My boss hates it when I shorten his name to Dick….
….Especially since his name is Steve.

No matter how cynical you become….
….It’s never enough to keep up.

My neighbors listen to some really wild music….
….They have to.

Always give 110%….
….unless you’re a statistician

One Jackass – Or Two?

Jackass

An Old Man and His Mule

An old man walked up and tied his old mule to the hitching post. As he stood there, brushing some of the dust from his face and clothes, a young gunslinger stepped out the saloon with a gun in one hand and a bottle of whiskey in the other.

The young gunslinger looked at the old man and laughed, “Hey old man, have you ever danced?”

The old man looked up at the gunslinger and said, “No,… I never did dance… never really wanted to.”

A crowd had gathered as the gunslinger grinned and said, “Well, you old fart, you’re gonna dance now,” and started shooting at the old man’s feet.

The old prospector — not wanting to get his toe blown off — started hopping around. Everybody was laughing. When his last bullet had been fired, the young gunslinger, still laughing, holstered his gun and turned around to go back into the saloon.

The old man turned to his pack mule, pulled out a double-barreled shotgun, and cocked both hammers.

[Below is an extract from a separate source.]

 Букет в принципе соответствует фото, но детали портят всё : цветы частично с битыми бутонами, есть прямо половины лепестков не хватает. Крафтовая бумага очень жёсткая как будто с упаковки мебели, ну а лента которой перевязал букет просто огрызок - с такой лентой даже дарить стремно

The loud clicks carried clearly through the desert air, and the crowd stopped laughing immediately.

The young gunslinger heard the sounds, too, and he turned around very slowly. The silence was almost deafening. The crowd watched as the young gunman stared at the old man and the large gaping holes of the twin barrels.

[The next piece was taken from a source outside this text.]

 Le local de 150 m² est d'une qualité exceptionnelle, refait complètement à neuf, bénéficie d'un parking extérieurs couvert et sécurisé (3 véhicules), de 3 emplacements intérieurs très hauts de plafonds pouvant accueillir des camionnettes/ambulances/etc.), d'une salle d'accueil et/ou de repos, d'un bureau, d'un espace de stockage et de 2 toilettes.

The barrels of the shotgun never wavered in the old man’s hands, as he quietly said, “Son, have you ever kissed a mule’s ass?”

The gunslinger swallowed hard and said, “No Sir… But I’ve always wanted to.”

There are five lessons here for all of us:

  1. Never be arrogant.
  2. Don’t waste ammunition.
  3. Whiskey makes you think you’re smarter than you are.
  4. Always make sure you know who has the power.
  5. Don’t mess with old people, they didn’t get old by being stupid.